ASSIGNMENT: What needs reproducing is the run of lines in the data below starting at the line with "WangsCanis Gonna Maxi" and ending at the line with "- Khóa nhựa", both ends included. Copy it exactly, without pictures, and add nothing.

EXERCISE MATERIALS:

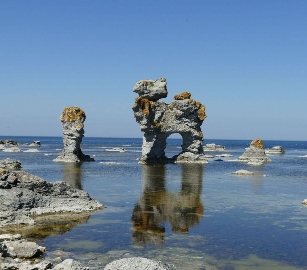 Gotland Schwedens größte Inseln bietet alles was Schweden so hat in Kleinformat zu bieten hat wussten Sie das hier in Visby die Pipi Langstrupf Filme in den kleinen Gassen der mittelalterlichen Stadt gedreht wurden? Beeindruckende Steinformationen die Rauken sind zu besichtigen und die angenehmen Temperaturen auf Gotland laden zum Baden ein.
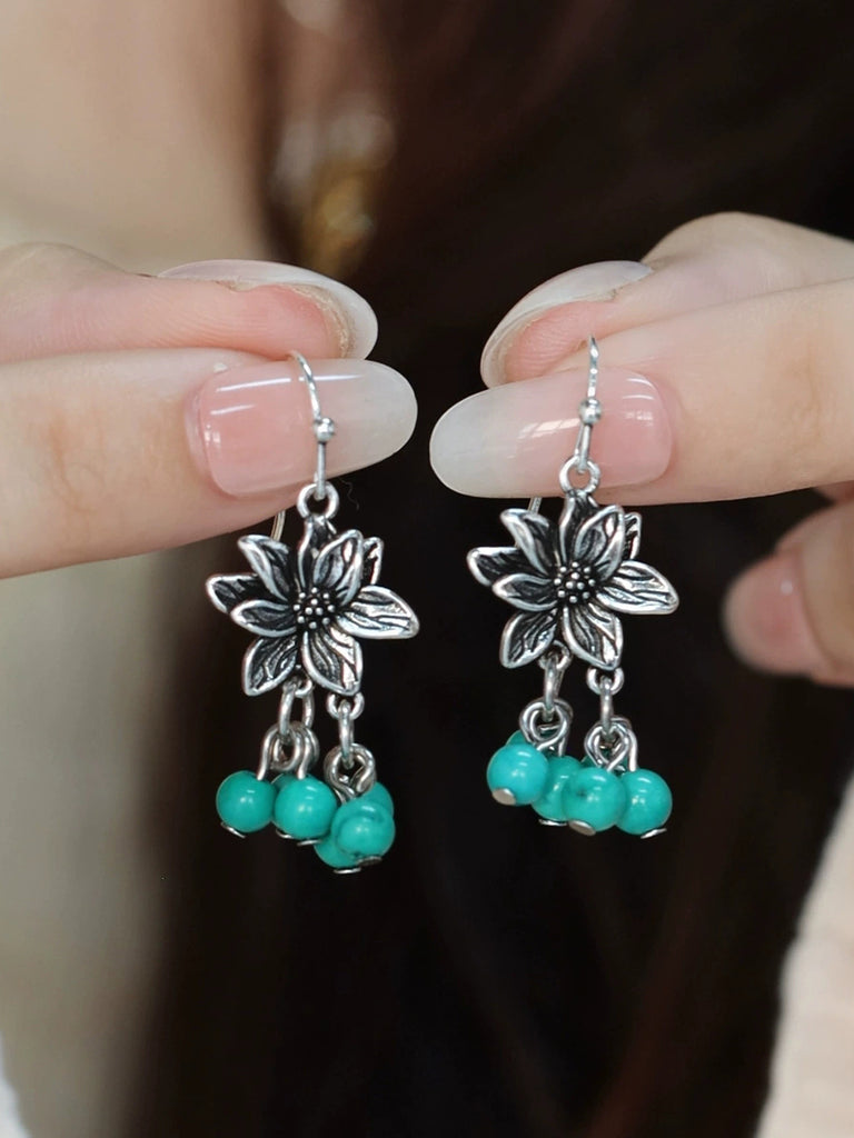 Frauen Ethnische Legierung Lotus Türkis Perlen Quaste Ohrringe
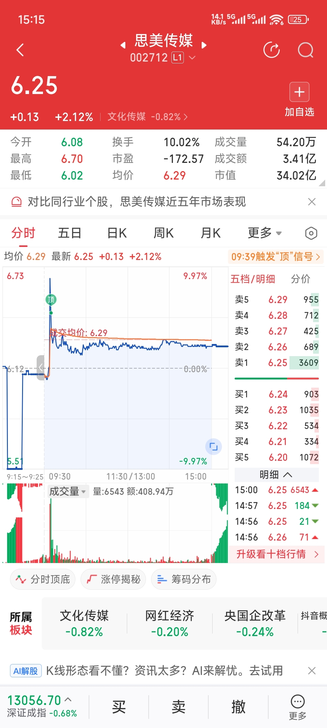 $思美传媒(SZ002712)$ 主力早上发的红包被谁抢到了?
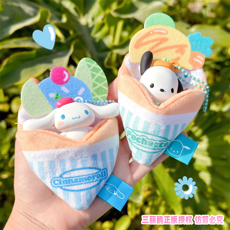 정품 산리오 팬케이크 시리즈 인형 열쇠 고리 귀여운 계피 개 어린이 학생 학교 가방 펜던트스토어 가기
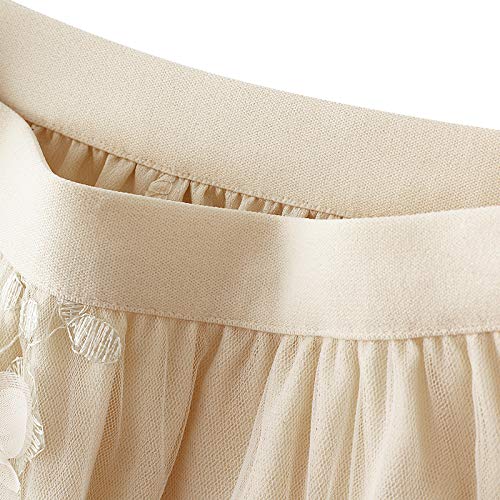 WangsCanis Gonna Maxi Longuette in Tulle per Donna Gonna Lunga in Pizzo a Vita Alta Stampa Floreale Elegante Vintage Casual Vacanza (#03 Ricamo-Beige, Taglia Unica)
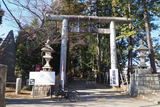 常陸国総社宮の表参道の大鳥居に着きました。ここから参道は、自転車を押し歩きで通ることは
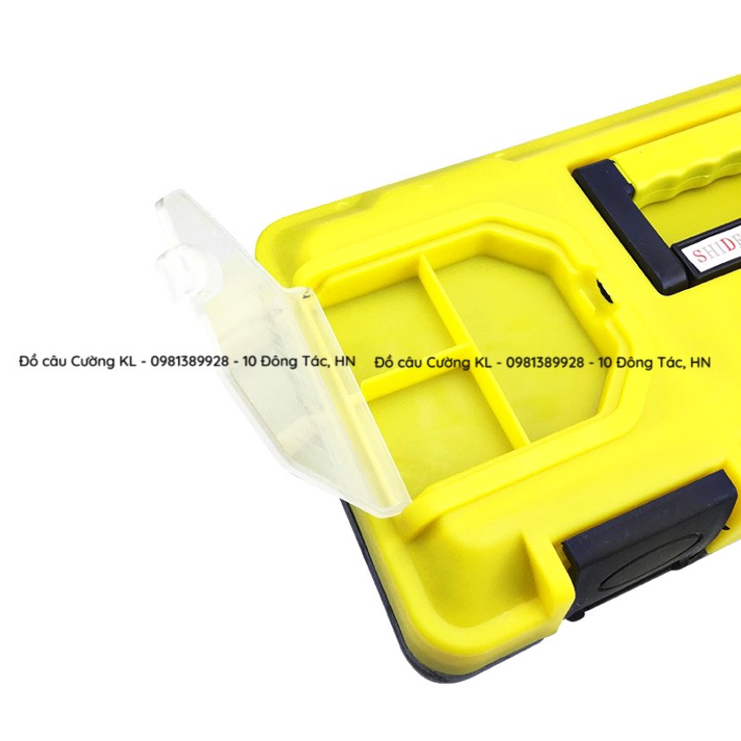 - Khóa nhựa trên thân thùng giúp các phụ kiện câu cá bên trong thùng không bị rơi ra ngoài khi di chuyển, chỉ bằng 1 cái ấn nhẹ là có thể đóng hay mở nắp thùng rất dễ dàng.
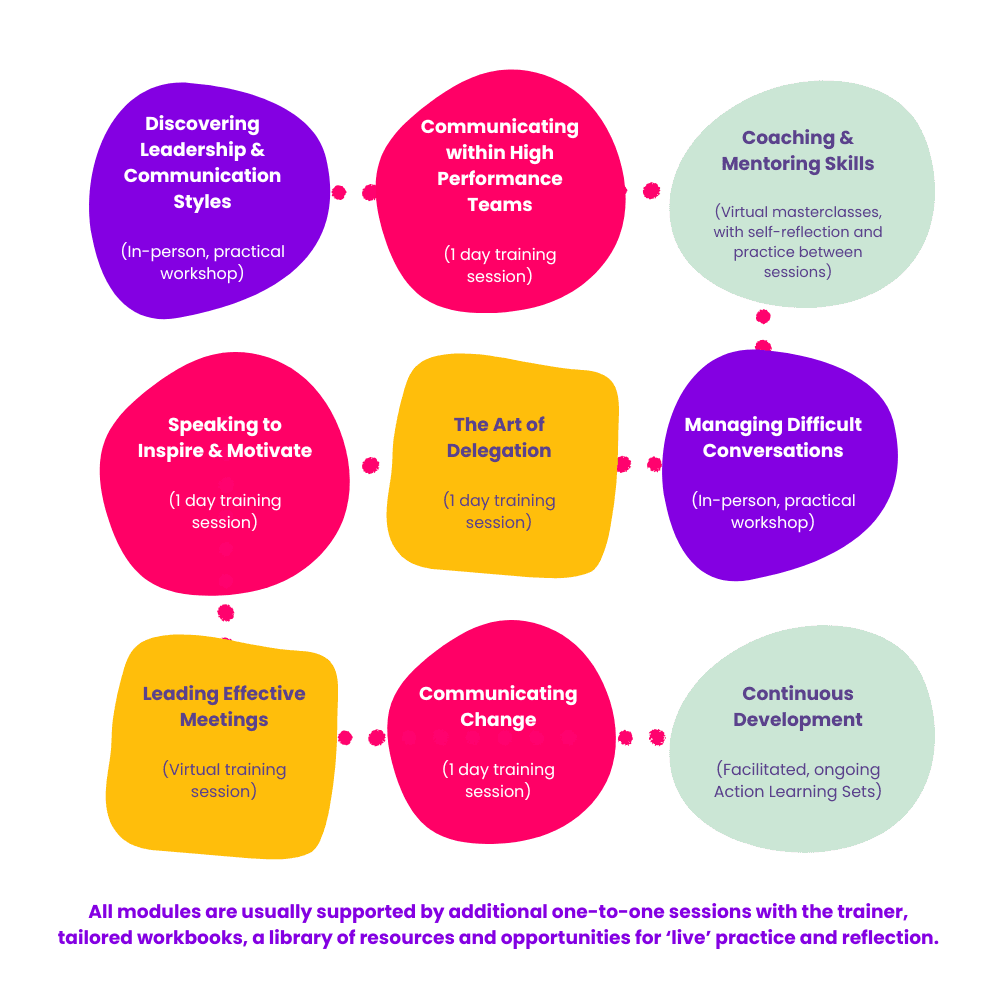 A learning journey that supports your people to develop the communication skills that they need to succeed within their roles. Training, mentoring, self-guided learning, reflection and facilitated sessions all combine to create an environment where your future stars and leaders can excel.
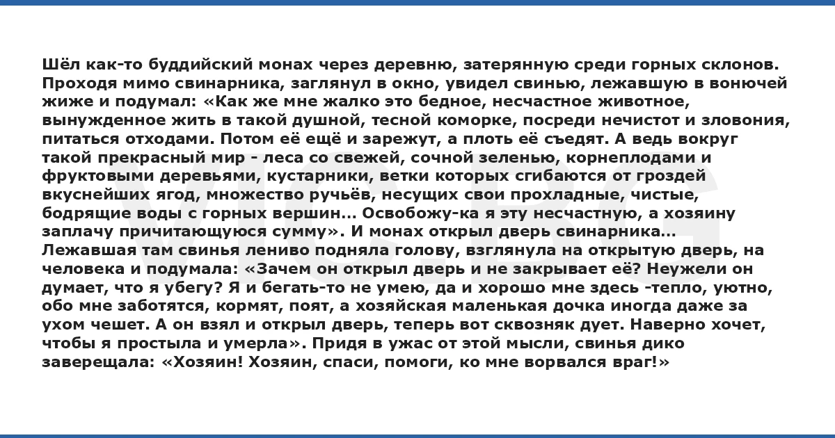 Шёл как-то буддийский монах через деревню, затерянную среди горных склонов. Проходя мимо свинарника, заглянул в окно, увидел свинью, лежавшую в вонючей жиже и подумал: «Как же мне жалко это бедное, несчастное животное, вынужденное жить в такой душной, тесной коморке, посреди нечистот и зловония, питаться отходами. Потом её ещё и зарежут, а плоть её съедят. А ведь вокруг такой прекрасный мир - леса со свежей, сочной зеленью, корнеплодами и фруктовыми деревьями, кустарники, ветки которых сгибаются от гроздей вкуснейших ягод, множество ручьёв, несущих свои прохладные, чистые, бодрящие воды с горных вершин… Освобожу-ка я эту несчастную, а хозяину заплачу причитающуюся сумму». И монах открыл дверь свинарника… Лежавшая там свинья лениво подняла голову, взглянула на открытую дверь, на человека и подумала: «Зачем он открыл дверь и не закрывает её? Неужели он думает, что я убегу? Я и бегать-то не умею, да и хорошо мне здесь -тепло, уютно, обо мне заботятся, кормят, поят, а хозяйская маленькая дочка иногда даже за ухом чешет. А он взял и открыл дверь, теперь вот сквозняк дует. Наверно хочет, чтобы я простыла и умерла». Придя в ужас от этой мысли, свинья дико заверещала: «Хозяин! Хозяин, спаси, помоги, ко мне ворвался враг!»
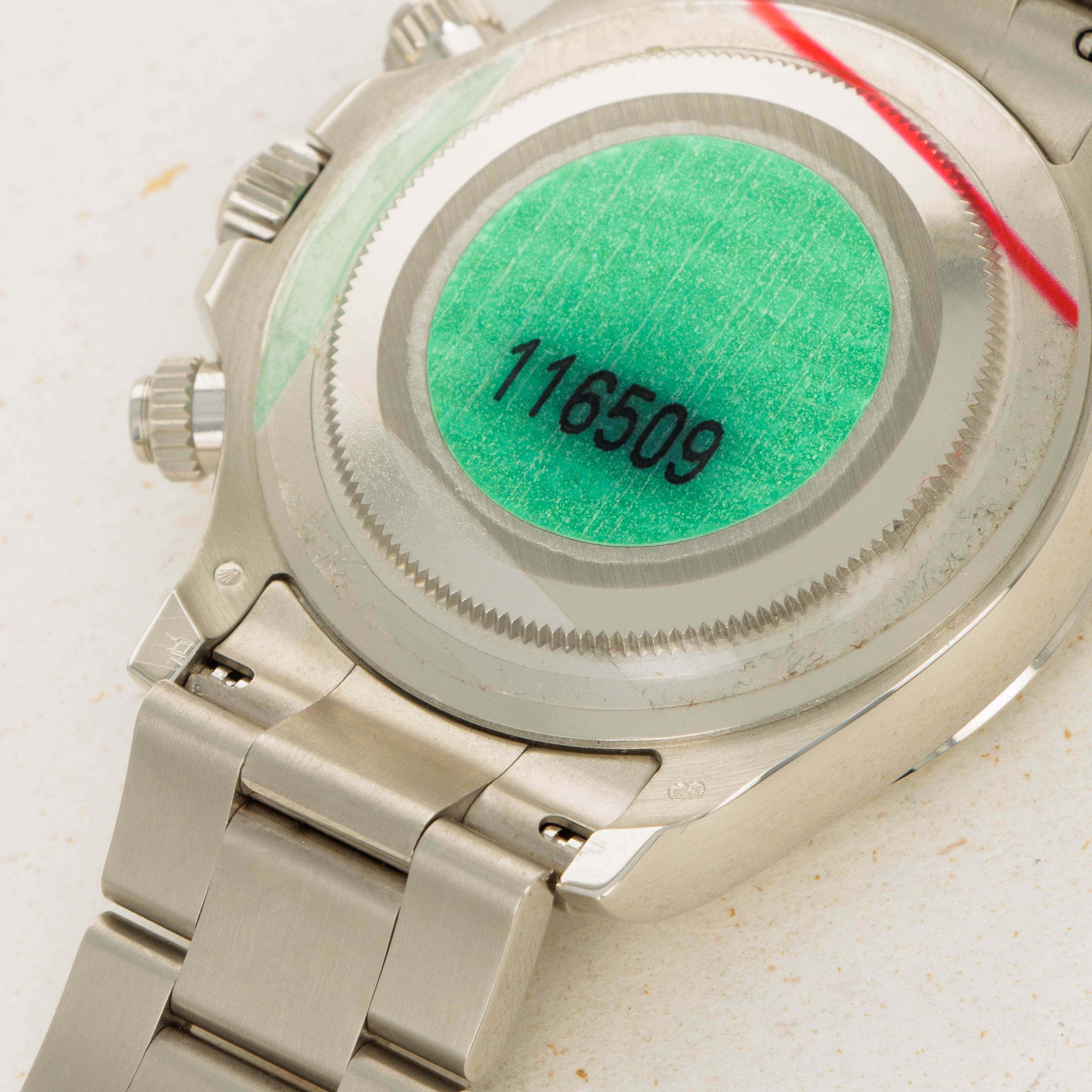 Featuring a silver Mother of Pearl dial with a translucent shimmering effect on its surface that reveals a breadth of subtle colors, this ref. 116509 feeds into the subtle luxury of a white gold timepiece all the more.

SOLUTION TO THIS EXERCISE:
 WangsCanis Gonna Maxi Longuette in Tulle per Donna Gonna Lunga in Pizzo a Vita Alta Stampa Floreale Elegante Vintage Casual Vacanza (#03 Ricamo-Beige, Taglia Unica)
 常陸国総社宮の表参道の大鳥居に着きました。ここから参道は、自転車を押し歩きで通ることは
 - Khóa nhựa trên thân thùng giúp các phụ kiện câu cá bên trong thùng không bị rơi ra ngoài khi di chuyển, chỉ bằng 1 cái ấn nhẹ là có thể đóng hay mở nắp thùng rất dễ dàng.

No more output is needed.